ECMO (extracorporeal membrane oxygenator) has come to reduce somewhat the mortality of this condition. The mortality of congenital diaphragmatic hernia is directly related to the degree of lung hypoplasia associated. Death is caused by persistent pulmonary hypertension and right ventricular failure. Prospective studies of prenatally diagnosed fetus prior to 25 wk. gestation has shown that 60% will die despite optimal postnatal care. This unsolved problem has prompted investigators to develop new treatment options such as preoperative stabilization, jetfrequency ventilation, and ECMO. Another area of development is intrauterine fetal surgical repair.

To achieve success fetal surgery should:
(1) pose no risk to the mother (innocent bystander) or her future reproductive capacity;
(2) tocolytic therapy in the post-op weeks should proved effective to avoid prenatal stillbirths; and
(3) the procedure should be superior to conventional therapy. Intrauterine repair has meet with limited success due to herniation of the fetal liver into the chest through the defect. Disturbance of the umbilical circulation during or after liver reduction causes fetal death. Positive-pressure ventilation after birth reduces the liver before the baby comes for surgical repair. Dr. Harrison (USFC Fetal Treatment Center) has devised separate fetal thoraco-abdominal incisions to deal with this problem ("two-step dance"), reducing or amputating the left lateral segment of the liver. Another less invasive approach is enlarging the hypoplastic lungs by reducing the normal egress of fetal lung fluid with controlled tracheal obstruction called PLUGS (Plug Lung Until it Grows).

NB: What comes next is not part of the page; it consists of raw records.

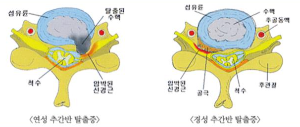 - 디스크 내의 수핵이 터져나와 신경을 압박하는 질환
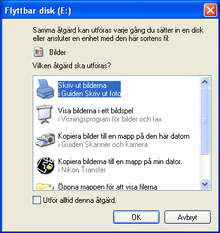 I Windows XP kan det hända att en dialogruta om en flyttbar disk visas. Klicka på Avbryt.
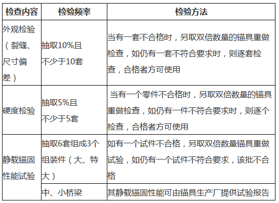 (一)檢驗(yàn)批:錨具不超過1000套;夾片不超過1000套;連接器不超過500套。
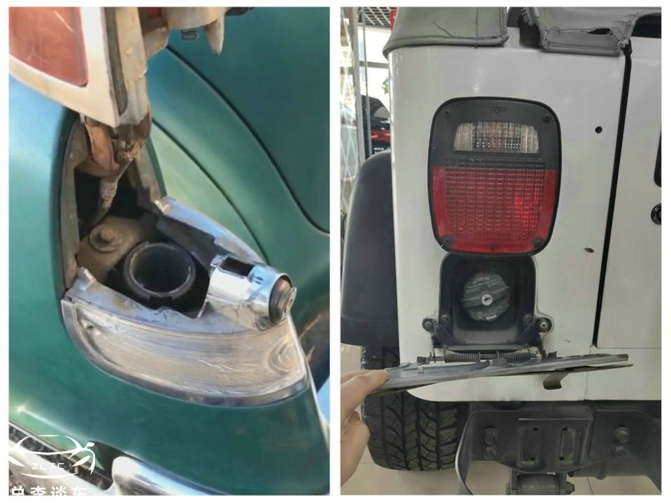左边的绿车是古董级凯迪拉克,右边是牧马人YJ,太奇葩了,特别是凯迪拉克,加油口竟然在尾灯里面,这个位置,油耗子做梦都想不到,每次加油都要把尾灯打开,你说奇葩吗?感觉这个设计堪称一绝,生活中,你见过最奇葩的加油口是什么样的?
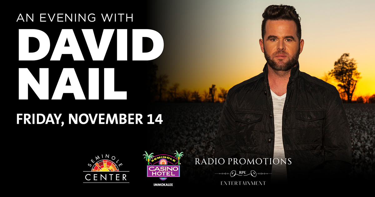 Radio Promotions Entertainment presents Multi-platinum singer/songwriter David Nail live in concert at Seminole Casino Hotel Immokalee Friday, Nov. 14 with doors opening at 7 p.m. and the show beginning at 8 p.m. Tickets start at $59, are available now from Ticketmaster or at www.moreinparadise.com. Parking is free.
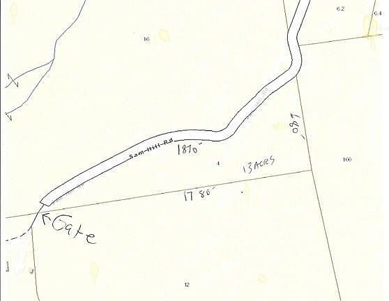 A beautiful 13 acre parcel on Sam Hill Road in the special small town of Worthington. Land is on a private gravel road with over 1,800 feet of frontage. This allows for the possibility of multiple lots or the ultimate in privacy with wide borders. The land abuts protected conservation land. Land is wooded with rolling hills but plenty of level land for a home site. The land starts at "For Sale" sign on left side of road and runs all the way to end of road where gate is located. Stone walls mark borders.
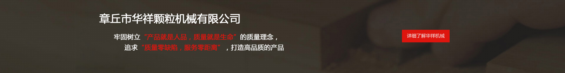公司成立于1997年,前身為章丘市華祥機械廠(主營:顆粒機,飼料顆粒機,有機肥造粒機,有機肥設(shè)備,木屑顆粒機,顆粒生產(chǎn)線等), 公司是集機械制造,成套設(shè)備設(shè)計,安裝于一體的現(xiàn)代企業(yè),由鑄造、機械加工、合成組裝、設(shè)計開發(fā)、網(wǎng)絡(luò)營銷五個聯(lián)合單位構(gòu)成。主要生產(chǎn)飼料加工機械,生物質(zhì)燃料機械,有機肥生產(chǎn)設(shè)備三大系列產(chǎn)品。 華祥機械牢固樹立“產(chǎn)品就是人品,質(zhì)量就是生命”的質(zhì)量理念,追求“質(zhì)量零缺陷,服務(wù)零距離”,打造高品質(zhì)的產(chǎn)品。 精心的設(shè)計、精湛的制造、精細(xì)的施工、全方位的服務(wù),以及華祥人長期秉持“讓我們共同前進(jìn)”的理念,使華祥贏得了良好的社會信譽,產(chǎn)品遠(yuǎn)銷意大利、越南、緬甸、澳大利亞等全球多個國家和地區(qū),產(chǎn)品質(zhì)量和信譽得到了廣大用戶的認(rèn)可。 未來,華祥人將繼續(xù)大力發(fā)揚"誠信、創(chuàng)新、協(xié)作、效率"的企業(yè)精神,堅持技術(shù)、產(chǎn)品、管理、服務(wù)創(chuàng)新,大力推進(jìn)產(chǎn)品精品化和市場國際化,全力打造“華祥”機械品牌形象。想客戶所想,為客戶創(chuàng)造價值,協(xié)助客戶的事業(yè)獲得成功;"華祥"人充滿信心,滿懷希望,真誠期待與您共贏。
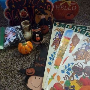 fall and Halloween decor, window clings, tealignt candle holders garland, etc

Delayed presentation beyond the neonatal period is rare, estimated to occur in 4-6% of cases. Infants
and children will present with either respiratory or gastrointestinal symptoms such as: chronic respiratory tract infection, vomiting, intermittent intestinal obstruction, and feeding difficulty. Occasionally the child is asymptomatic. The small size of the defect protected by either the spleen or the liver and the presence of a hernial sac may delay the intestinal herniation into the chest. A rise intraabdominal pressure by coughing or vomiting transmitted to any defect of the diaphragm makes visceral herniation more likely. Diagnosis is confirmed by chest or gastrointestinal contrast imaging. Management consists of immediate surgery after preop stabilization. Most defects can be closed primarily through an abdominal approach. Chest-tube placement in the non-hypoplastic lung is of help. Surgical results are generally excellent. A few deaths have resulted from cardiovascular and respiratory compromise due to visceral herniation causing mediastinal and pulmonary compression.